Saturday, 18 September 2021 18:49

Portrait of Jennie






PORTRAIT OF JENNIE

US, 1948, 85 minutes, Black and white/colour.
Jennifer Jones, Joseph Cotten, Ethel Barrymore, Lilian Gish, Cecil Kellaway, David Wayne, Henry Hull, Florence Bates.
Directed by William Dieterle.

Portrait of Jennie is a very romantic film, very popular in the late 1940s.

Joseph Cotten portrays an artist in the 1930s, down on his luck. However, a group of art dealers led by Ethel Barrymore and Cecil Kellaway purchase one of his paintings and encourage him to do more work, especially portraits. In Central Park he encounters a very young Jennie and continues to meet her. However, each time they meet she has grown up much more. She also speaks about a mysterious past.

The artist goes to seek out the places where Jennie is supposed to have lived, including a convent where Lilian Gish portrays the mother superior. The film climaxes with a storm – tinted green for special effects (and the special effects won the Oscar for that year).

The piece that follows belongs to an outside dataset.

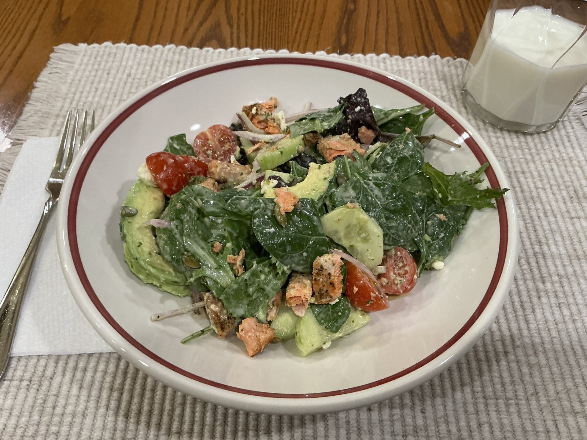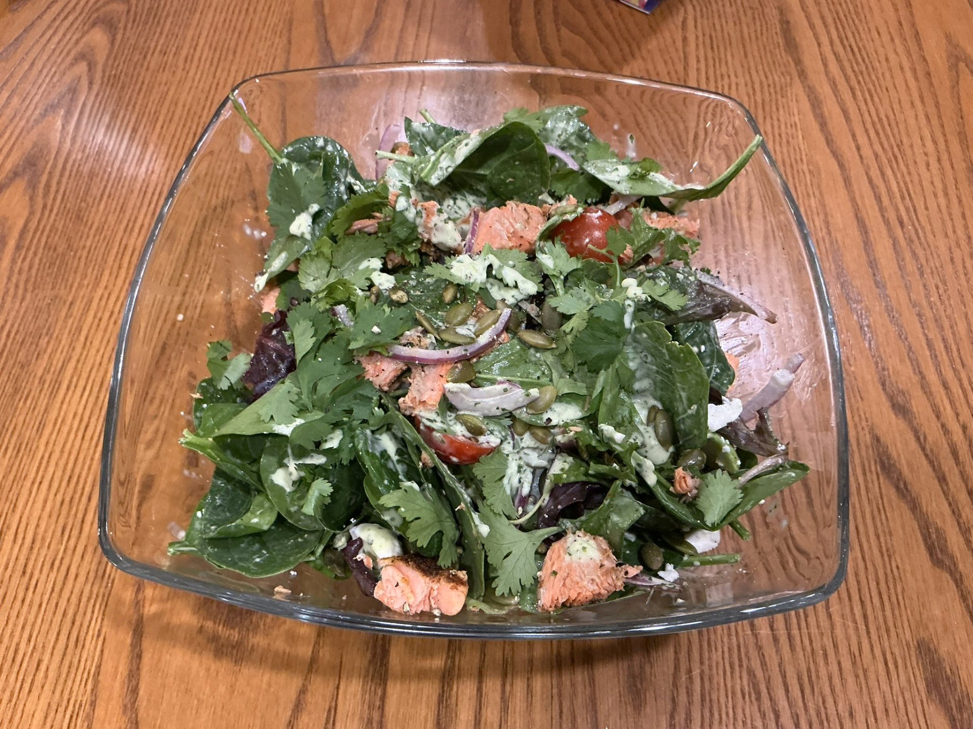 If only making salad for 2, when assembling, use half of the salad ingredients. To serve the next day, heat remaining 2 salmon filets and assemble accordingly with leftover ingredients.

The film uses the music of Debussy, giving an added poignancy and romantic tone. It was directed by William Dieterle who had great success in the 1930s at Warner Bros with a number of biographies. They include The Life of Emile Zola and Juarez, Dr Ehrlich’s Magic Bullet and A Dispatch From Reuter’s. He also directed the celebrated Charles Laughton version of The Hunchback of Notre Dame. During the 1940s he made a number of emotional films, some including Jennifer Jones in the cast: I’ll Be Seeing You, Love Letters, The Searching Wind. During the 1950s he made much more conventional films at Paramount, westerns and dramas. However, he also directed Rita Hayworth in Salome and Elizabeth Taylor in Elephant Walk.

1. The enjoyment value of this film? The intentions of the filmmakers and their success: as love story, romantic ghost story, exploration of love and time?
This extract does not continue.